[[ Data open ]]
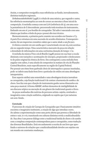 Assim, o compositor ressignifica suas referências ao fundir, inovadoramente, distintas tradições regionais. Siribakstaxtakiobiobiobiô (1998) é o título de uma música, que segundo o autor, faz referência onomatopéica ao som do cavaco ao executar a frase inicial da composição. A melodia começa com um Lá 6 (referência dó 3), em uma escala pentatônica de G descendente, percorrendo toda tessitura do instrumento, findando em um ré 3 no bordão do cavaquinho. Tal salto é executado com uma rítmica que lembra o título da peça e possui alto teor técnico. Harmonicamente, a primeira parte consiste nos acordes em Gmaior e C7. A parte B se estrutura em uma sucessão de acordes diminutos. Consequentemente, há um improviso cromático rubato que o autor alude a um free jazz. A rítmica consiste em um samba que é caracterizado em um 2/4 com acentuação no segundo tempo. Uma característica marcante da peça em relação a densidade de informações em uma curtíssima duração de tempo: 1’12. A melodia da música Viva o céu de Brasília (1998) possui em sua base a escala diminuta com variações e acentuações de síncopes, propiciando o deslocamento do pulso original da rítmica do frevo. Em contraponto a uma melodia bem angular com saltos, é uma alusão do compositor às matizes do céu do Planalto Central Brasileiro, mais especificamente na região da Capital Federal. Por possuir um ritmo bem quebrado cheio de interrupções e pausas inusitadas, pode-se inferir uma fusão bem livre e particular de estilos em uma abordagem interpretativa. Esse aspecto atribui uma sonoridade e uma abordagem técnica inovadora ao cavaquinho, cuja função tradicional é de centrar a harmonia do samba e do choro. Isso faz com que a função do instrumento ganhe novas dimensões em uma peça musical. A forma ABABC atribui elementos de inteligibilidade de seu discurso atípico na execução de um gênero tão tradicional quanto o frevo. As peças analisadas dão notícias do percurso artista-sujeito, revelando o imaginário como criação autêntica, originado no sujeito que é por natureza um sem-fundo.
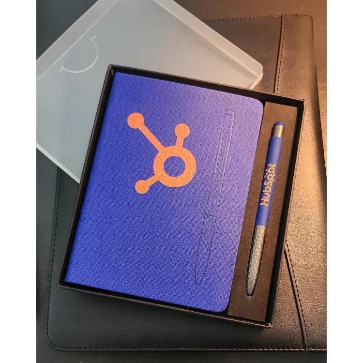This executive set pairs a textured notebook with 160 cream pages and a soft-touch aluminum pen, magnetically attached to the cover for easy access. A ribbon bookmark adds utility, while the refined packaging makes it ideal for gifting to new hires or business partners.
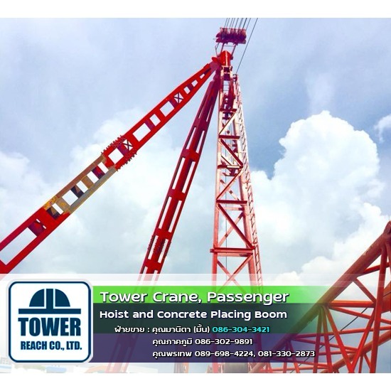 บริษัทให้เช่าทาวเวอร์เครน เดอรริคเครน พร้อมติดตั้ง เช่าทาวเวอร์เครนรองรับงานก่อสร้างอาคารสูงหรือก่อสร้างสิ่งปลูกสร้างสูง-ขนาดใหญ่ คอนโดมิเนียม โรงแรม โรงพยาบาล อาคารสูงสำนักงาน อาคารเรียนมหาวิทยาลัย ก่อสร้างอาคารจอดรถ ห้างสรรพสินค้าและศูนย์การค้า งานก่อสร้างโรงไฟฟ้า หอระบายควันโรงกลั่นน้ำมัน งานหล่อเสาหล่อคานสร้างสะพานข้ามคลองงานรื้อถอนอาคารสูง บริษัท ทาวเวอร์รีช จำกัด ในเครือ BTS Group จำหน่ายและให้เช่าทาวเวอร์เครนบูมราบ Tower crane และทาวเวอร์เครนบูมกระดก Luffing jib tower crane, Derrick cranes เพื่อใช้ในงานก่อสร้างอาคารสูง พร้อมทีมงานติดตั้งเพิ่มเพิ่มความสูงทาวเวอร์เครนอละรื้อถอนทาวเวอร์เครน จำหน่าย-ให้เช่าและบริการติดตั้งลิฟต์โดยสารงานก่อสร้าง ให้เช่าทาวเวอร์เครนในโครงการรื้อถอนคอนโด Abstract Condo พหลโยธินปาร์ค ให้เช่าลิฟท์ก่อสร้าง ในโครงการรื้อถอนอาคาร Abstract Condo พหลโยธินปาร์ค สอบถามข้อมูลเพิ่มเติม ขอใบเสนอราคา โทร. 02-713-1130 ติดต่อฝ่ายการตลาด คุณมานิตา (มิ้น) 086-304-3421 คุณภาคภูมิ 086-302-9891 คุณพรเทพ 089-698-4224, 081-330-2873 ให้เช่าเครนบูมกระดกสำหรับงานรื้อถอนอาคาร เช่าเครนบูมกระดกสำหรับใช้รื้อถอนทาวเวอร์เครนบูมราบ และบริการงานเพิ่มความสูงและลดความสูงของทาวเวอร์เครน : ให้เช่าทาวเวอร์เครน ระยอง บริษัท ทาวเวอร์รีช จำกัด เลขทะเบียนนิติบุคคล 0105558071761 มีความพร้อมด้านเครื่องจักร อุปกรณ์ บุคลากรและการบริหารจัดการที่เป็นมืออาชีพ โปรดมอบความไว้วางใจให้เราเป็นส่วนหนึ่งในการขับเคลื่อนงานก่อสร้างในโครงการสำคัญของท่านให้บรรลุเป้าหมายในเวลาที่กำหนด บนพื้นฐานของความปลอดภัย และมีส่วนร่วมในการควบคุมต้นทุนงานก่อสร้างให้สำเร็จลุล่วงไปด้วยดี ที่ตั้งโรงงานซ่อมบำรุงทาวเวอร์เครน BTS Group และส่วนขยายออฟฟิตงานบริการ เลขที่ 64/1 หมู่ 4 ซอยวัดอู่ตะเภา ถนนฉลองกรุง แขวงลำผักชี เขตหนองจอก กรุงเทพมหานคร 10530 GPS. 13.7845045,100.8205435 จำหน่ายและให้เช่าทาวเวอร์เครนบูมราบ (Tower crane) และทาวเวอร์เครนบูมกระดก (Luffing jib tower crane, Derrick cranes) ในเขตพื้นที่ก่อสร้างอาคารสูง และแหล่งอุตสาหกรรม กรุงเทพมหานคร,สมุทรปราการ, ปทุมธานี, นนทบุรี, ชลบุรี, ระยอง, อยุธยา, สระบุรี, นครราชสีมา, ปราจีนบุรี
[[ Data closed ]]
[[ Data open ]]
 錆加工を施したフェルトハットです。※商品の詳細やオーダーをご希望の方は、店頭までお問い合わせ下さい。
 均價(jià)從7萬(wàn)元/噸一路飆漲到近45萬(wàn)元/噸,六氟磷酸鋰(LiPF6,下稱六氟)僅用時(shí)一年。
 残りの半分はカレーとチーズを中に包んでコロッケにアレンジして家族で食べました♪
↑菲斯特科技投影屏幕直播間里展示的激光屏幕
[[ Data closed ]]
[[ Data open ]]
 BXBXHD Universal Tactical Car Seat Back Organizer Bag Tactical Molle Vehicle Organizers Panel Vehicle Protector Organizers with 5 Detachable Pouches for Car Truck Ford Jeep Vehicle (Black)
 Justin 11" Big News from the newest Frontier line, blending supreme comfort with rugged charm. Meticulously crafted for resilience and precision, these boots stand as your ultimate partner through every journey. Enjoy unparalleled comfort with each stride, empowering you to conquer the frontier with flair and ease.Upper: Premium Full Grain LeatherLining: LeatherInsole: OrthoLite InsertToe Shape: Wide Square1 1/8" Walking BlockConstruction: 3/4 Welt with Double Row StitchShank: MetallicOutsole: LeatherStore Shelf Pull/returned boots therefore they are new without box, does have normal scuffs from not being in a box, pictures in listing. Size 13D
[[ Data closed ]]
Of the entries above, repeat exactly the lines from the line with "BXBXHD Universal Tactical" through the line with "listing. Size 13D", both of them included.

 BXBXHD Universal Tactical Car Seat Back Organizer Bag Tactical Molle Vehicle Organizers Panel Vehicle Protector Organizers with 5 Detachable Pouches for Car Truck Ford Jeep Vehicle (Black)
 Justin 11" Big News from the newest Frontier line, blending supreme comfort with rugged charm. Meticulously crafted for resilience and precision, these boots stand as your ultimate partner through every journey. Enjoy unparalleled comfort with each stride, empowering you to conquer the frontier with flair and ease.Upper: Premium Full Grain LeatherLining: LeatherInsole: OrthoLite InsertToe Shape: Wide Square1 1/8" Walking BlockConstruction: 3/4 Welt with Double Row StitchShank: MetallicOutsole: LeatherStore Shelf Pull/returned boots therefore they are new without box, does have normal scuffs from not being in a box, pictures in listing. Size 13D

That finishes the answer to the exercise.